Understanding Life and Death 7 months ago

I was not quite fourteen that awful morning when my mother awoke me by squeezing my toe. She said to me, “Don’t smile, your father is dead.”

Thirty-nine years later I still remember that morning vividly. I remember that I didn’t cry, and that by younger brother did. I cried later.

One uncle came by and helped himself to my father’s tools. Years later while visiting, I saw my father’s electric drill on the dirt floor of my uncle’s garage. I never forgave him.

I sometimes wonder about the connections between love and loss. Both rend the heart deeply and leave scars which never heal. This is where it isn’t fair being a male in this society. I ache with the loss of my father in ways that continue to surprise me – there is so much about him that I’ll never know and never understand. I used to get angry at him for having deserted me and leaving me alone to shoulder the burden of being the man of the house. I hated it when fools called me that.

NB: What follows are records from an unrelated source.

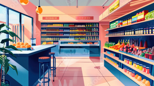 Minimalist grocery shopping highlighting vibrant colors and textures, highly detailed and vibrant, realistic yet creative depiction, emphasizing context and action
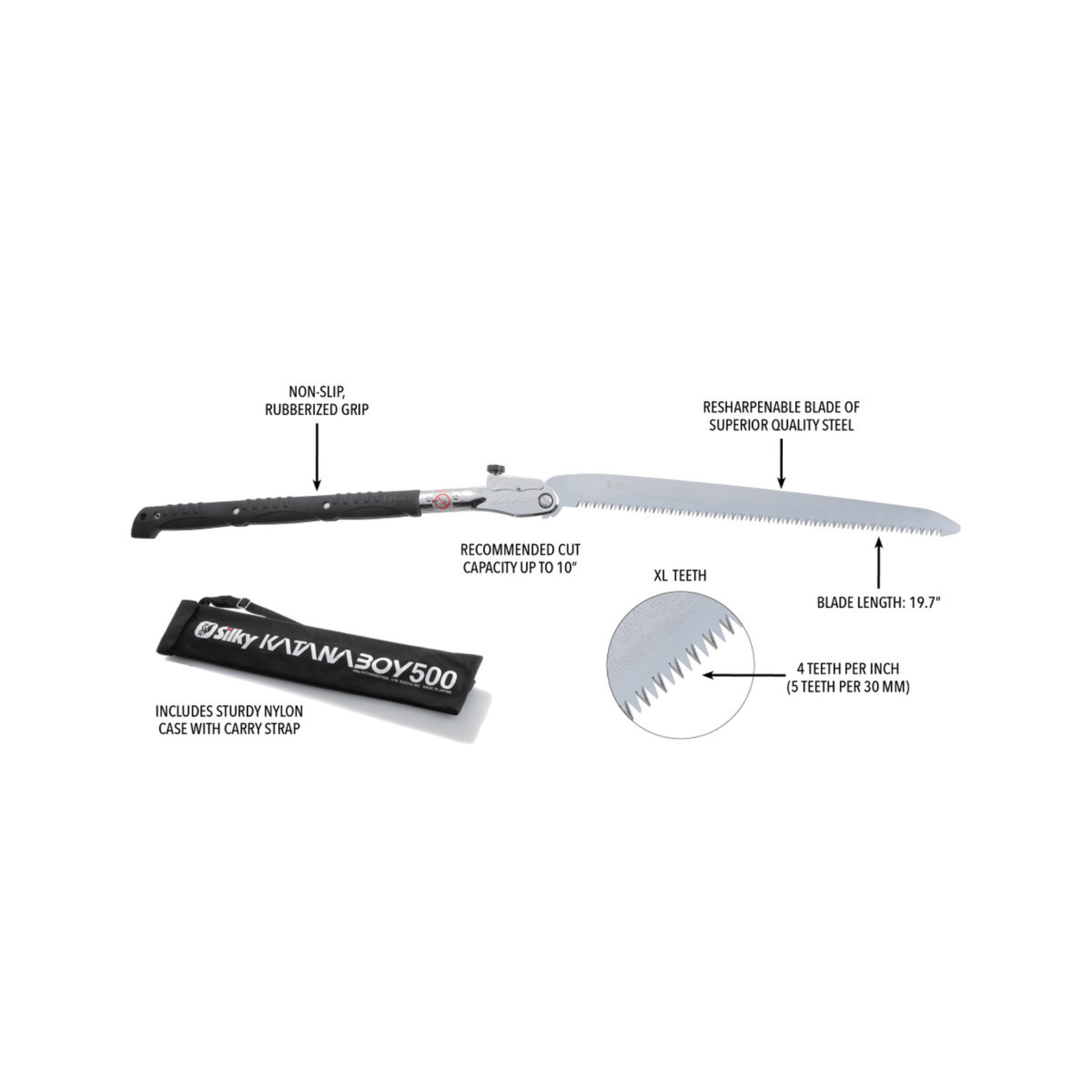 Conquer large timber with the Silky Katanaboy 500. This 20" professional folding saw delivers chainsaw-like power, unmatched reach, and effortless cutting. [Heavy-Duty, Made in Japan]
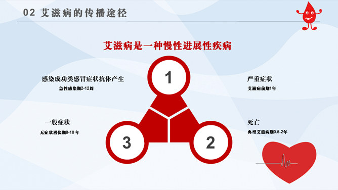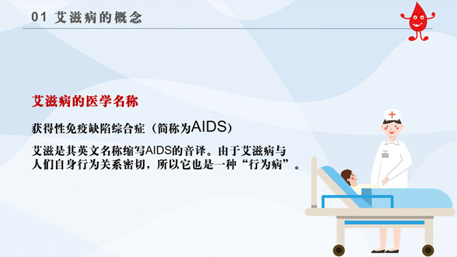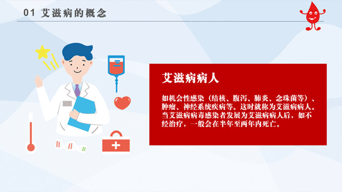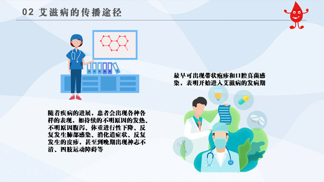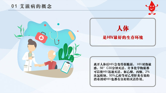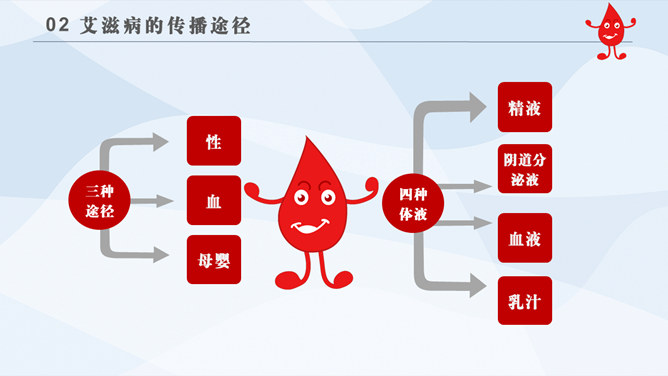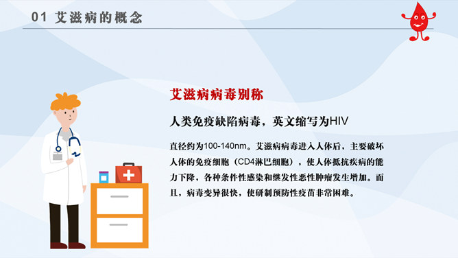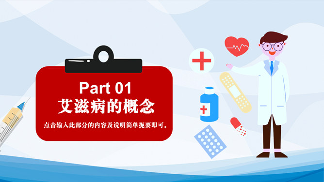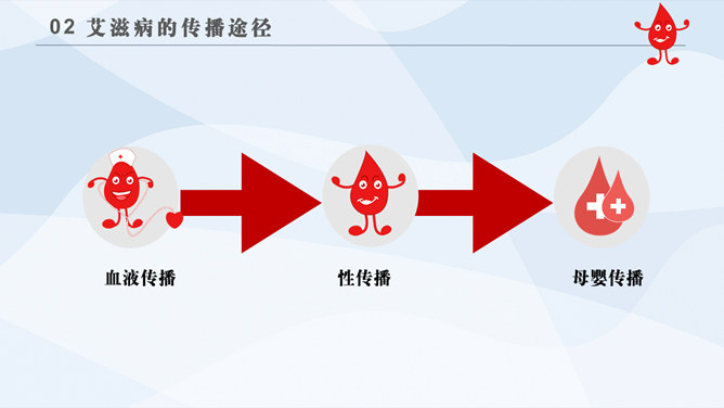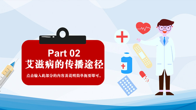 世界艾滋病日PPT模板。一套世界艾滋病日主题幻灯片模板,艾滋病的概念和传播途径,艾滋病的防护措施和灭活途径。

I didn’t go to my father’s funeral. I understood death, but I did not understand the ceremony which surrounded death. Staying home with a friend we played catch in the yard and talked. He was worried about me and my lack of reaction. It was kind of him and perhaps the best therapy I could have asked for – had I asked.

When my mother remarried less than a year later she married an alcoholic a-hole. She later told me that she felt that we (my brother and I) needed a man in the house. Well, that would have been nice but she picked a drunk.

It was a lovely June day when my father was buried. Then cars began arriving. Aunts, uncles, my father’s friends, my mother’s friends, people I didn’t know, cousins all descended upon our small home. My mother shooshed me inside and told me to put on some clean clothes: I didn’t have any. In all the confusion of death and ceremony the laundry had piled up.

Casseroles appeared from the thin air. Cakes. Pies. Sliced ham. Food everywhere. My mother who had just lost her husband now had to play hostess. Something else for which I resented my selfish family.

I felt that everyone was aware that I was wearing dirty pants, though I think I had a clean shirt. My father was freshly buried and I worried about my pants.

So what does all of this rambling mean? I don’t know. At 53 I should have figured it out by now but have not yet done so. I fear that time is running out and it will all remain a mystery.